Chairman of Rahim Yar Khan District Council
- In office 1979–1988

Punjab Minister of Food and Agriculture
- In office 1980–1985

Member of Provincial Assembly of the Punjab
- In office 1985–2001

Zila Nazim of the Rahim Yar Khan District
- In office 2005–2010

Personal details
- Born: 24 March 1951 (age 75) Rahimabad, Punjab, Pakistan
- Other political affiliations: Pakistan Tehreek-e-Insaf

= Rafique Haider Khan Leghari =

Pakistani politician

Sardar Rafiq Haider Khan Leghari (born 24 March 1951) is a Pakistani politician.

Leghari was born in the village of Rahimabad in Rahim Yar Khan District, Pakistan, the third son of Sardar Gulam Haider Khan Leghari – a landlord of the district and Member of the Legislative Assembly of the Bahawalpur Assembly. He has three brothers: Sardar Sikander Hayyat Leghari (the eldest of all brothers and ex-CSP officer), Sardar Zubair Haider Khan Leghari (the second brother and an ex-army officer), and Sardar Shafiq Haider Khan Leghari (the third and youngest brother, an agriculturist).

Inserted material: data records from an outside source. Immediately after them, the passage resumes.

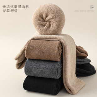 长筒袜子男秋冬款 保暖高筒长袜 纯棉防臭过膝全棉加厚加绒毛巾冬季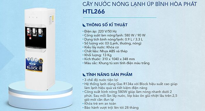Ưu điểm nổi bật của cây nước nóng lạnh úp bình Hòa Phát HTL266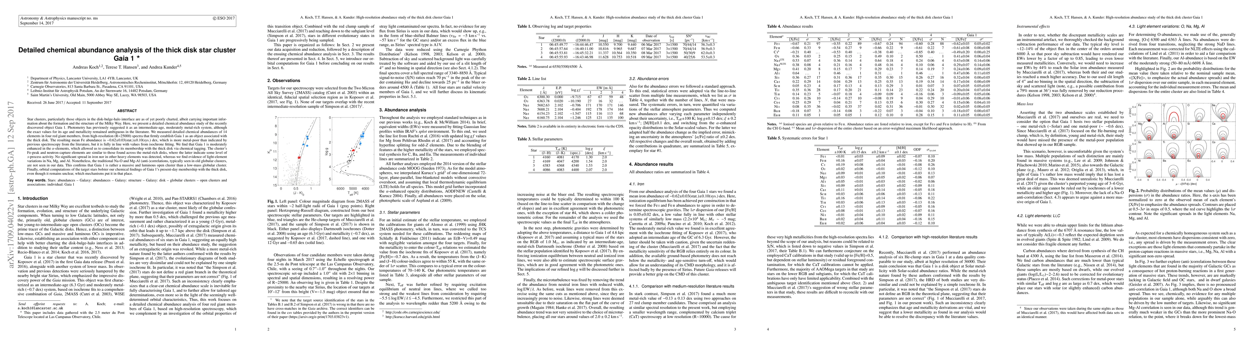 This research provides a detailed chemical abundance analysis of the star cluster Gaia 1, confirming its association with the Milky Way's thick disk. The study reveals a mean Fe abundance of $-0.62\pm$0.03 dex, indicating it is more metal-poor than previously thought, and shows no significant spread in heavy elements, suggesting it is a massive and luminous open cluster rather than a low-mass globular cluster.

He received his early education from Sadiq Public School Bahawalpur. After the early death of his father in 1967, he gave up his education and returned to his village where he took control of the agricultural lands.

== Political career ==
Leghari started his political career in 1977. He was elected (unopposed) in 1979 first to district council as district chairman of Rahim Yar Khan; and then became the Minister of Food and Agriculture of Punjab in 1980. He held both offices simultaneously until 1984 when he was again elected (unopposed) as a chairman district council. He continued with both the offices until the end of his term as a minister in 1985 and chairman in 1988. He took part in the general election in 1985 as an independent candidate on a provincial Punjab assembly seat and won by majority. He was elected again on the same provincial assembly seat in 1997 and became the deputy opposition leader in Punjab Assembly. He participated in Zila Nazim election in 2001 and lost by a narrow margin. He again participated in the same elections in 2005 and won the election by one of the largest margins in Punjab. He did not participate in the general election of 2008 because he was still serving his term of Zila Nazim Rahimyar Khan. Later he joined Pakistan Tehreek-e-Insaf in September 2011.